* **EXERCISE**
In the entries below, find the line containing "Group of fiends" and the line containing "森川さんは、「HAPPY B". Copy those two lines and everything between them exactly, without the pictures.

* **GIVEN INFORMATION**

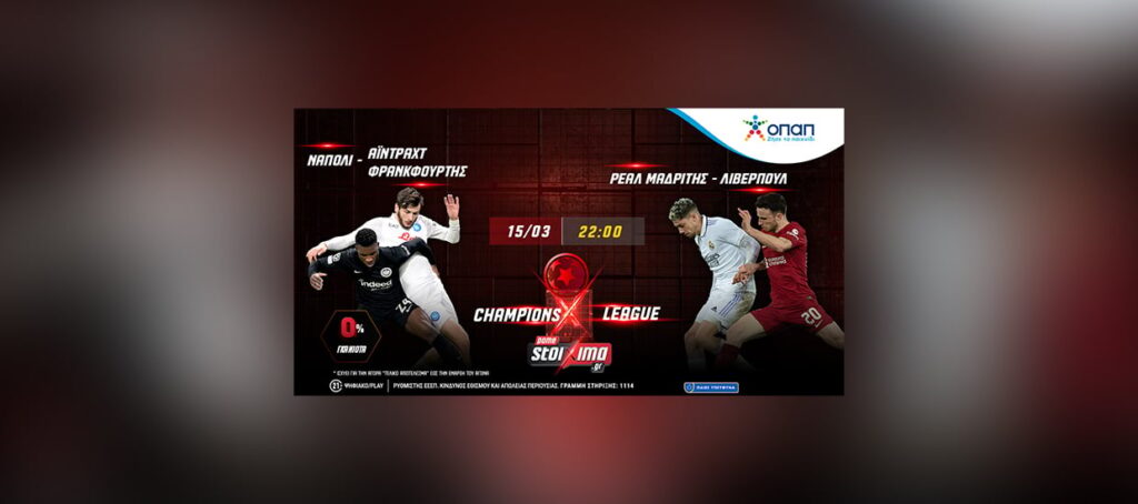 Η φάση των «16» του Champions League ολοκληρώνεται με τα Ρεάλ-Λίβερπουλ και Νάπολι-Άιντραχτ, τα οποία βρίσκεις στο νέο Pamestoixima.gr με 0% γκανιότα**!
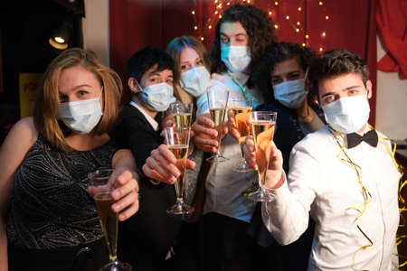 Group of fiends wearing face masks at a Christmas party looking at the camera in a bar. Coronavirus new normal.
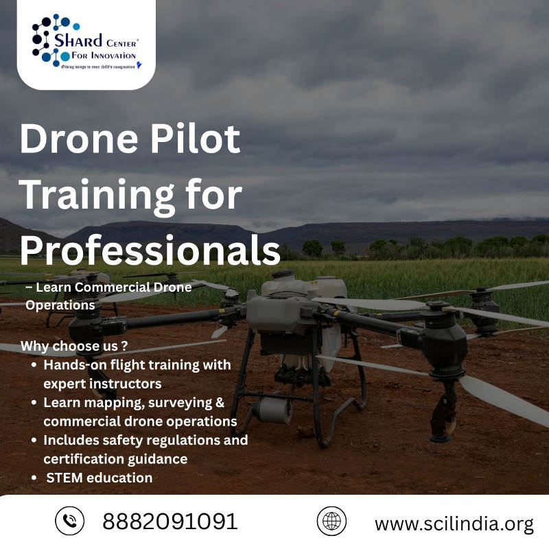 Upgrade your skills with industry-focused Drone Pilot Training for Professionals, designed to prepare learners for real-world commercial drone operations. This training program covers drone handling, aerial mapping, flight planning, safety regulations, and practical flight sessions with certified instructors. Whether you're working in photography, agriculture, surveying, inspection, or security, this course equips you with the technical skills and certification needed to operate drones professionally and safely. Why choose Shard Center for Innovation ? - Hands-on flight training with expert instructors - Learn mapping, surveying & commercial drone operations - Includes safety regulations and certification guidance “Fly Smart. Fly Professional.” Learn more - https://scilindia.org/courses/Drone-pilot-training-course ![]() | |
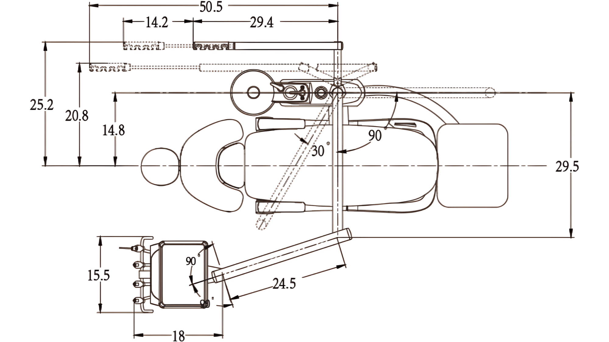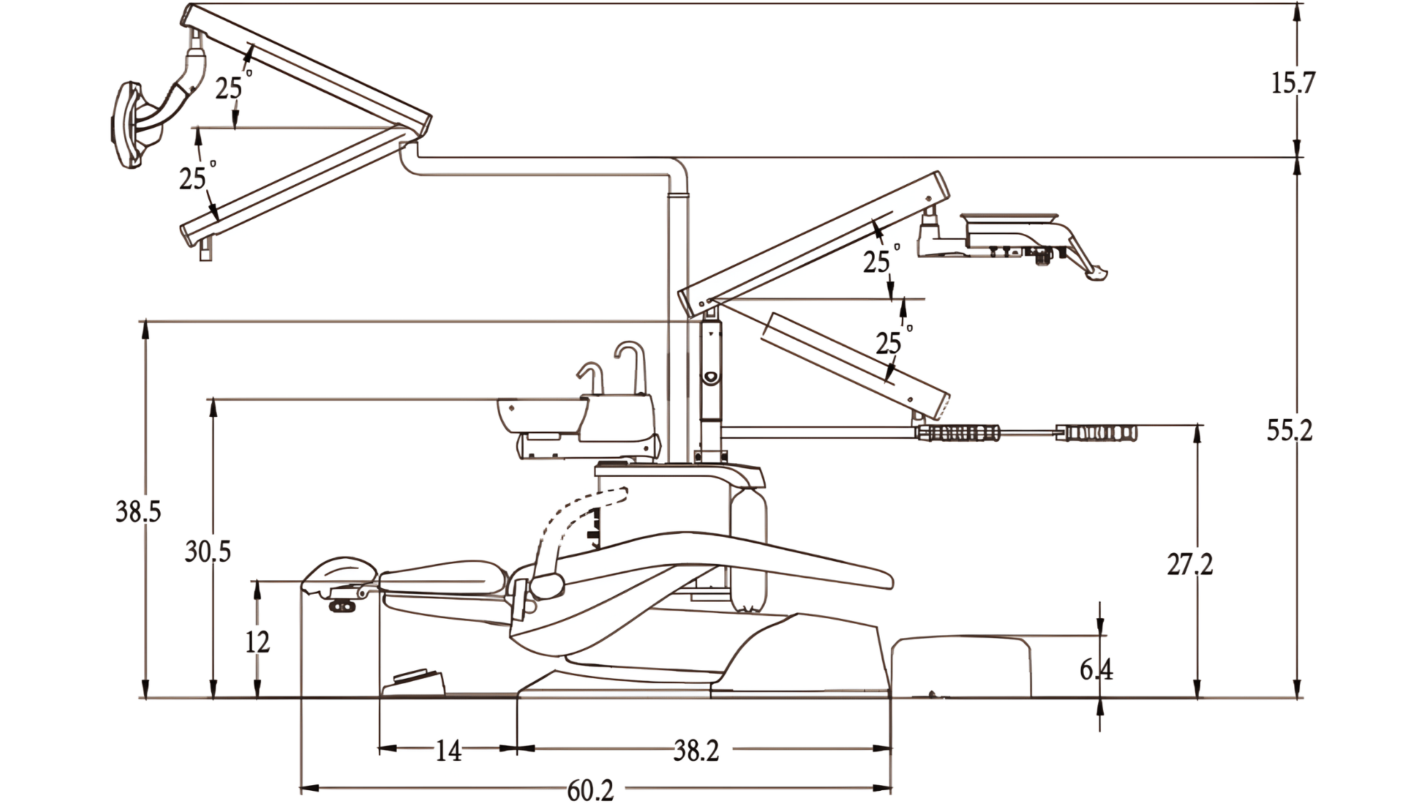 ■ Classic Over the patient (OTP) dental unit with PMU and cuspidor
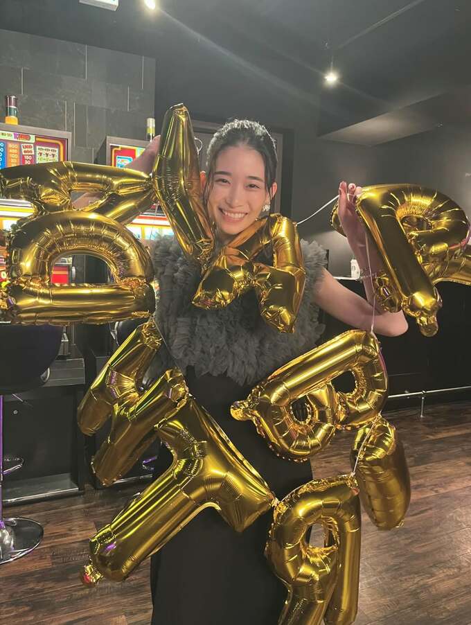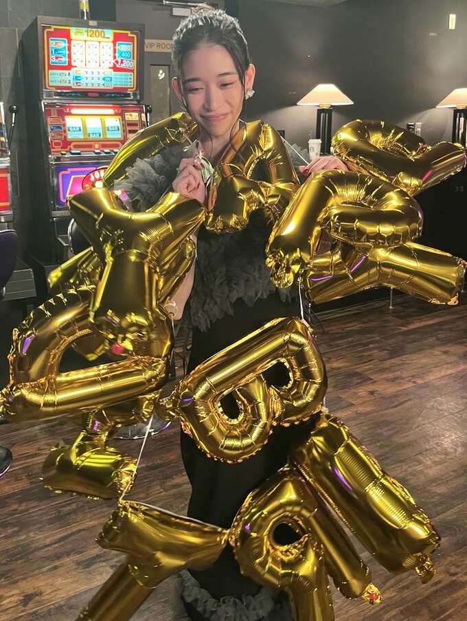 森川さんは、「HAPPY BIRTHDAY」のバルーンを体に巻き付け、にっこり微笑む姿を披露し、「卑屈でわがままで、思い描いていた大人とは違いますがおもしろい人間にはなっていると思います」と、自己分析。
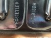 sale pending----HOSTETLER MOUNTED SPURS: Rick Hostetler made spurs with 3 3/8" heel openings, 1" bands, 2 3/8" shanks, 1 1/2" rowels marked RH. Rick is a long time Texas maker. These are steel and will get brown with use. We pay shipping within the 48 states and accept most forms of payment.
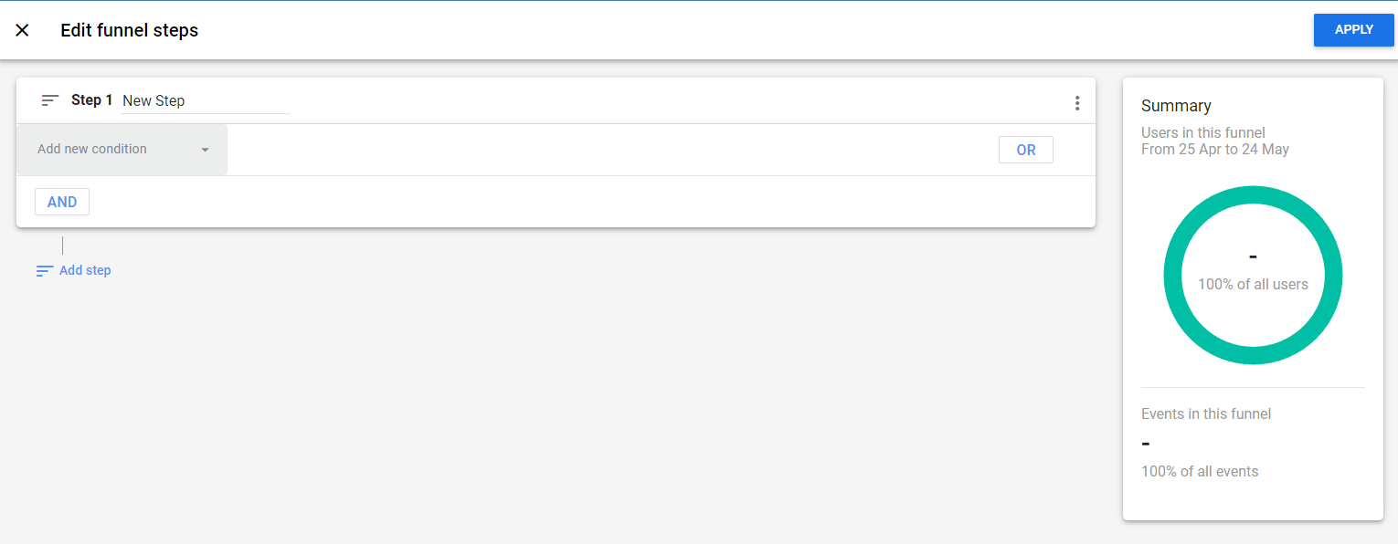 이것은 초보자 가이드이므로 여기에서 매우 기본적인 사항을 유지할 것입니다. 여기서는 사용자가 이 유입경로에 포함되기 위해 취해야 하는 단계인 단일 "조건 "을 살펴보겠습니다.
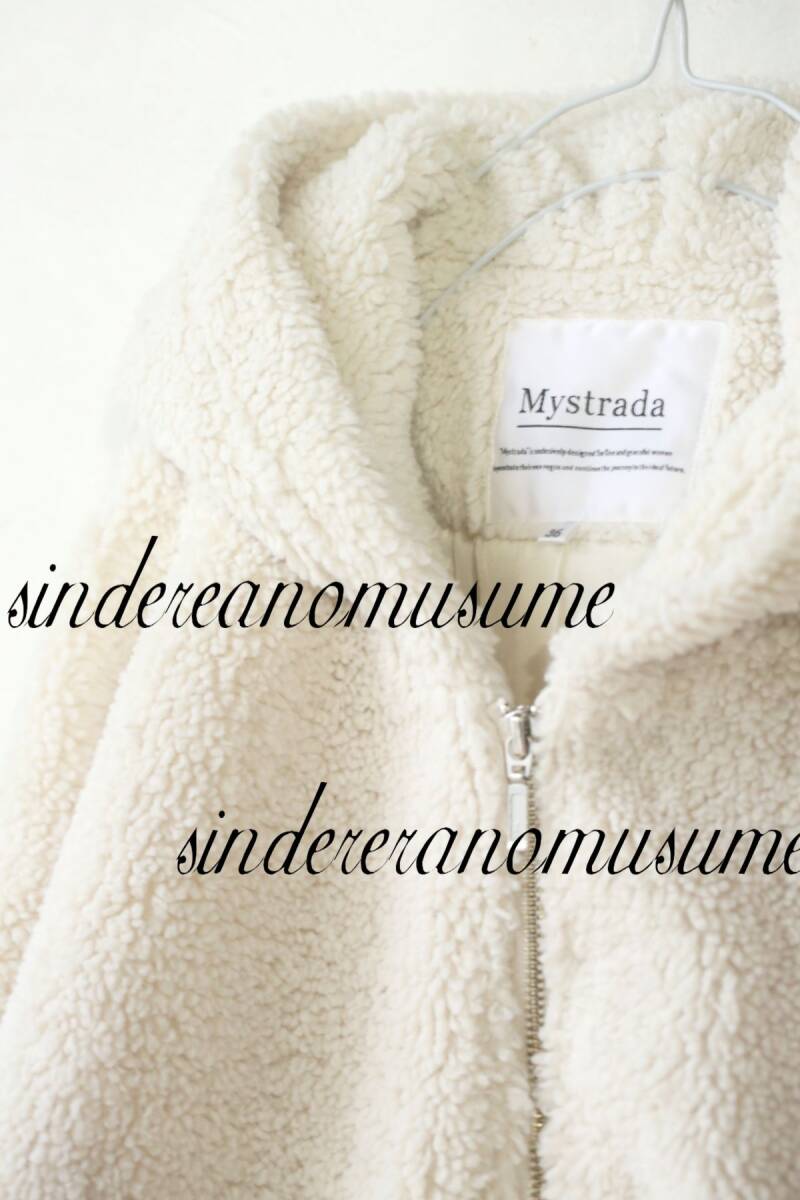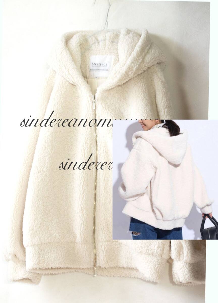 ★マイストラーダ 白ボアパーカージャケットブルゾン アイボリーオフホワイト フード ライトベージュ★

* **EXERCISE SOLUTION**
 Group of fiends wearing face masks at a Christmas party looking at the camera in a bar. Coronavirus new normal.
 Upgrade your skills with industry-focused Drone Pilot Training for Professionals, designed to prepare learners for real-world commercial drone operations. This training program covers drone handling, aerial mapping, flight planning, safety regulations, and practical flight sessions with certified instructors. Whether you're working in photography, agriculture, surveying, inspection, or security, this course equips you with the technical skills and certification needed to operate drones professionally and safely. Why choose Shard Center for Innovation ? - Hands-on flight training with expert instructors - Learn mapping, surveying & commercial drone operations - Includes safety regulations and certification guidance “Fly Smart. Fly Professional.” Learn more - https://scilindia.org/courses/Drone-pilot-training-course ![]() | |
 ■ Classic Over the patient (OTP) dental unit with PMU and cuspidor
 森川さんは、「HAPPY BIRTHDAY」のバルーンを体に巻き付け、にっこり微笑む姿を披露し、「卑屈でわがままで、思い描いていた大人とは違いますがおもしろい人間にはなっていると思います」と、自己分析。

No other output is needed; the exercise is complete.